■ Problem to solve
Every line below should be copied exactly; drop the pictures.

■ Material provided
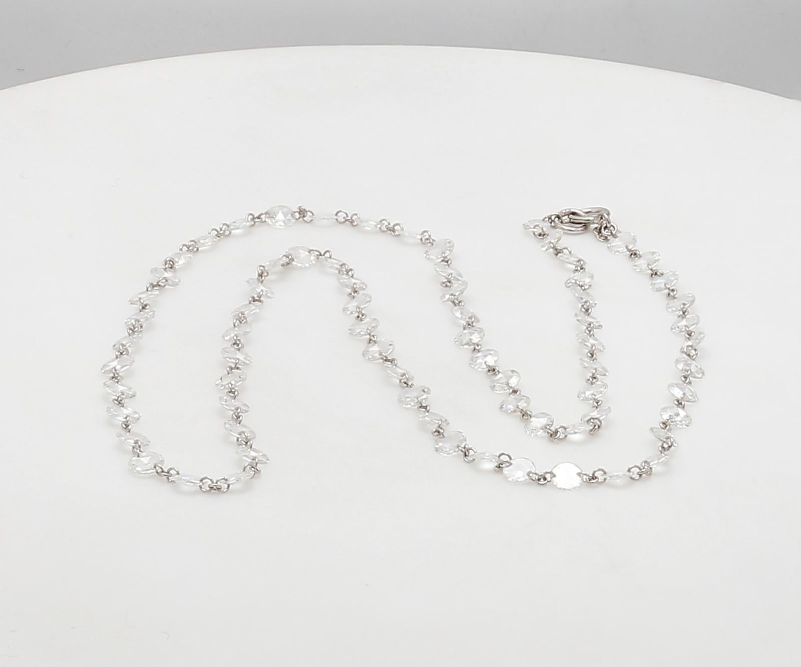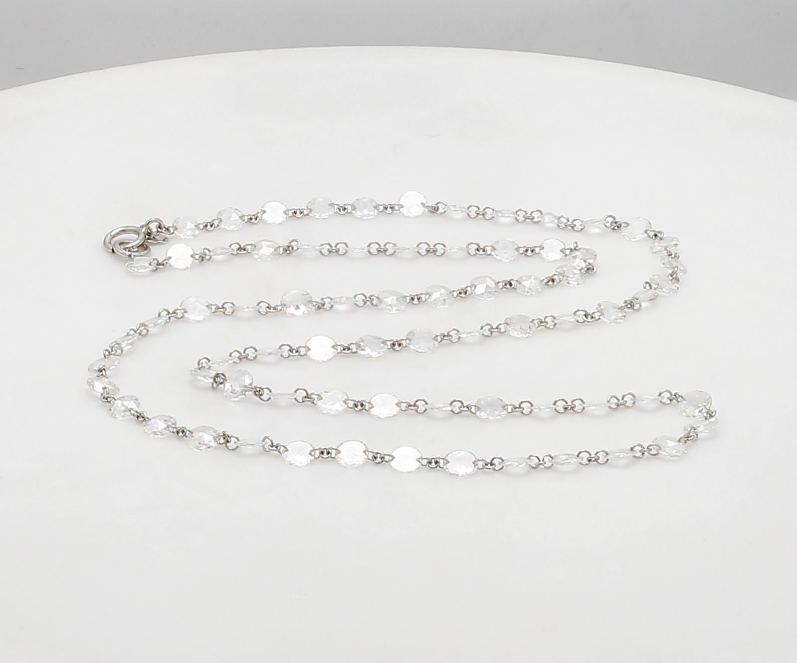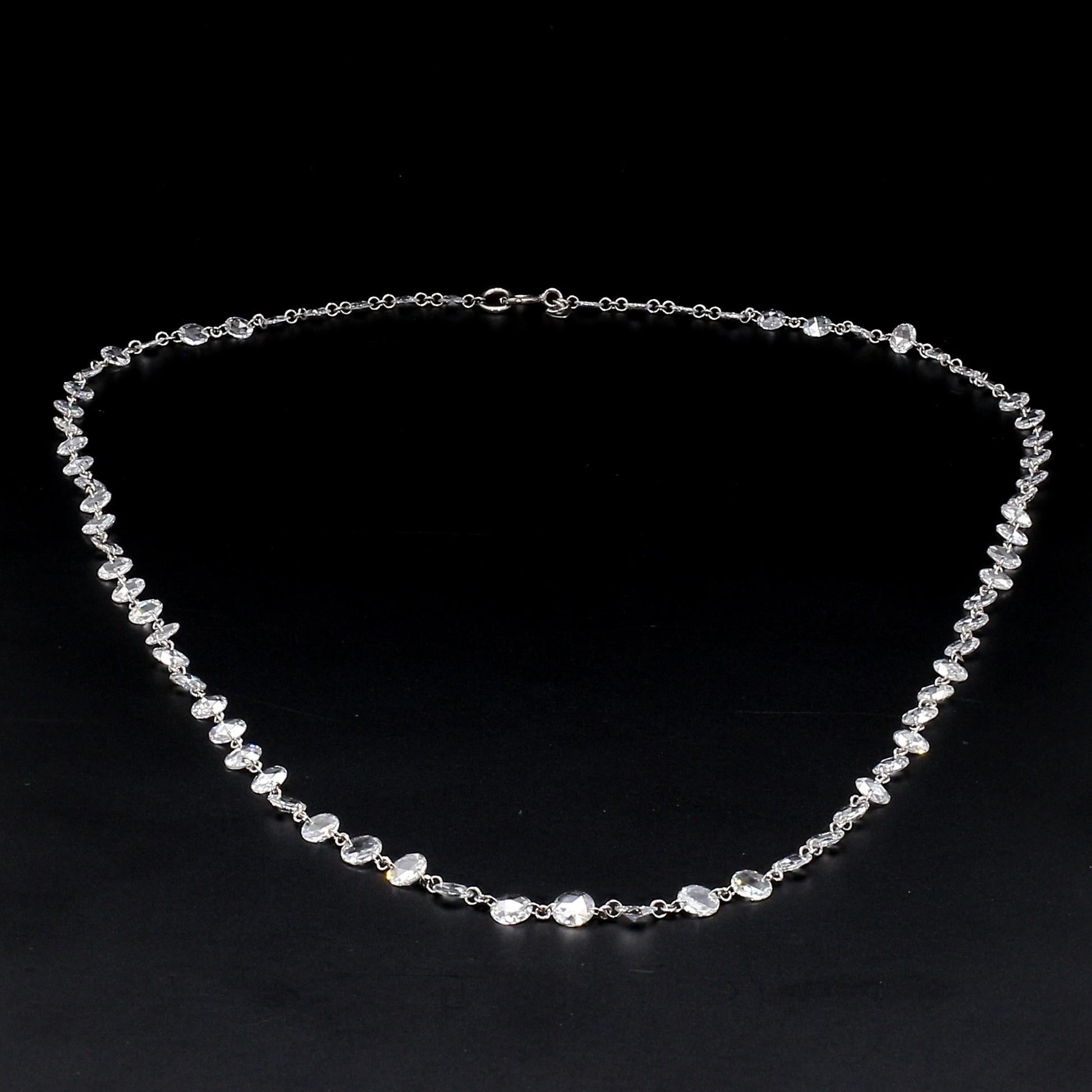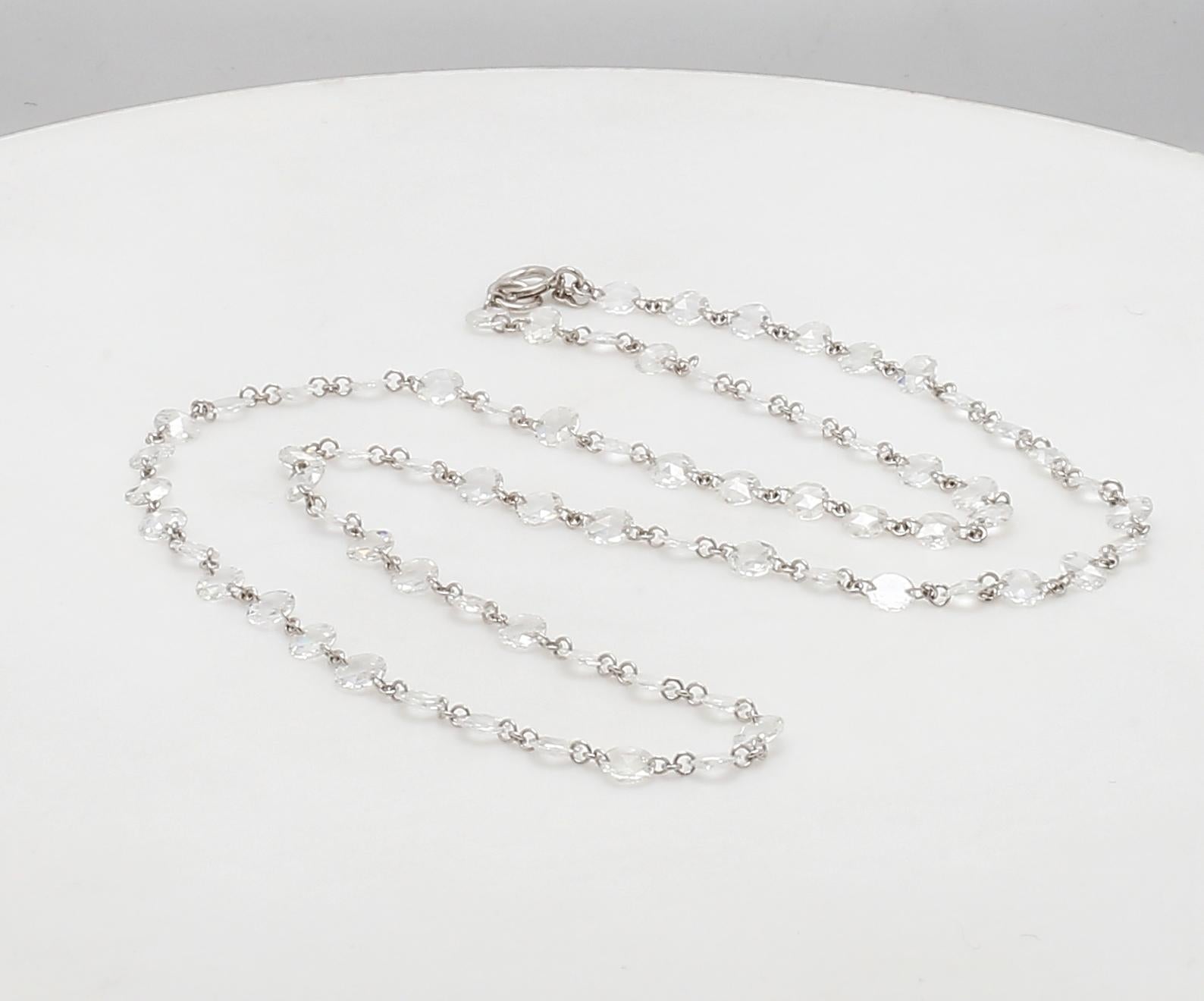 A gorgeous diamond necklace is a staple in everyone's wardrobe .This Panim Classic Diamond Rosecut Necklace features round shape diamond rosecut .These diamonds sparkle incredibly ,set in 18k white gold .This diamond necklace can be worn alone or can be layered with other necklaces .The length of the necklace is 16 inches.
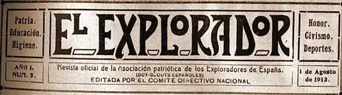 On 27 April 1913, 2397 exploradores gathered at the Atlético Madrid field for the promise ceremony, with the attendance of the kings of Spain. The Madrid districts of Buenavista, with three groups; Palacio, with six groups; Latina, with two; Centro, with four; Congreso, with three; Inclusa with two; Hospicio, with three; and Universidad, Hospital and Chamberí, with two each[27] That same year, the first issue of the magazine El Explorador,[28] and Pedro Rosselló's Exploradores Barceloneses became part of the Exploradores de España.[29]
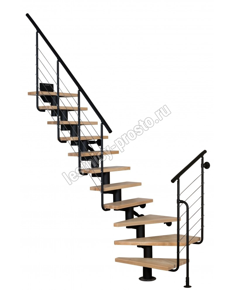 ATRIUM DIXI PLUS - это современная и удобная лестница, занимающая сравнительно мало места. В набор входят 11 конструктивных элементов и 11 ступеней из массивного лакированного дерева (8 прямых ступеней и 3 забежные ступени).
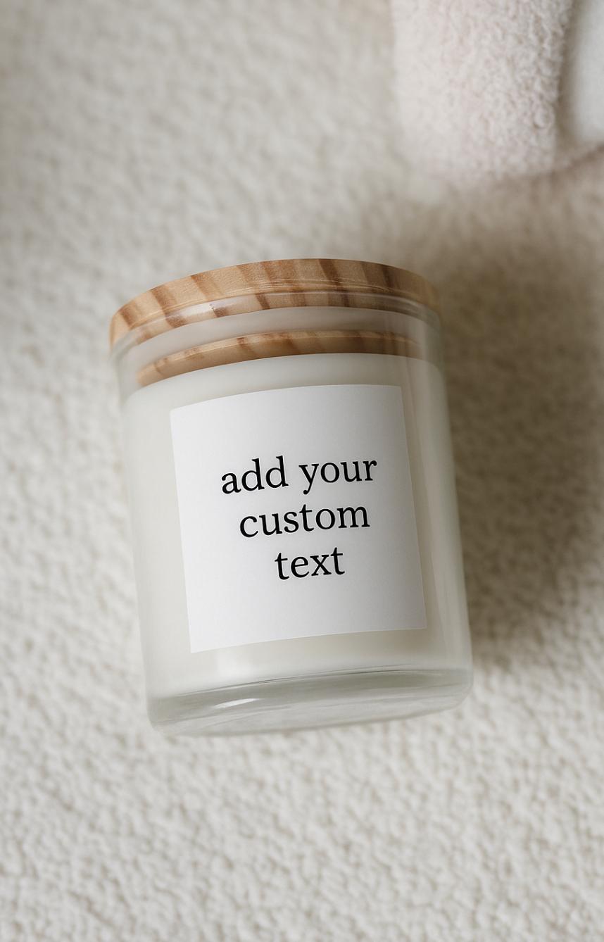 A hand-poured candle with a customizable label — add the baby’s name, a meaningful date, or a sweet message

■ Answer area
 A gorgeous diamond necklace is a staple in everyone's wardrobe .This Panim Classic Diamond Rosecut Necklace features round shape diamond rosecut .These diamonds sparkle incredibly ,set in 18k white gold .This diamond necklace can be worn alone or can be layered with other necklaces .The length of the necklace is 16 inches.
 On 27 April 1913, 2397 exploradores gathered at the Atlético Madrid field for the promise ceremony, with the attendance of the kings of Spain. The Madrid districts of Buenavista, with three groups; Palacio, with six groups; Latina, with two; Centro, with four; Congreso, with three; Inclusa with two; Hospicio, with three; and Universidad, Hospital and Chamberí, with two each[27] That same year, the first issue of the magazine El Explorador,[28] and Pedro Rosselló's Exploradores Barceloneses became part of the Exploradores de España.[29]
 ATRIUM DIXI PLUS - это современная и удобная лестница, занимающая сравнительно мало места. В набор входят 11 конструктивных элементов и 11 ступеней из массивного лакированного дерева (8 прямых ступеней и 3 забежные ступени).
 A hand-poured candle with a customizable label — add the baby’s name, a meaningful date, or a sweet message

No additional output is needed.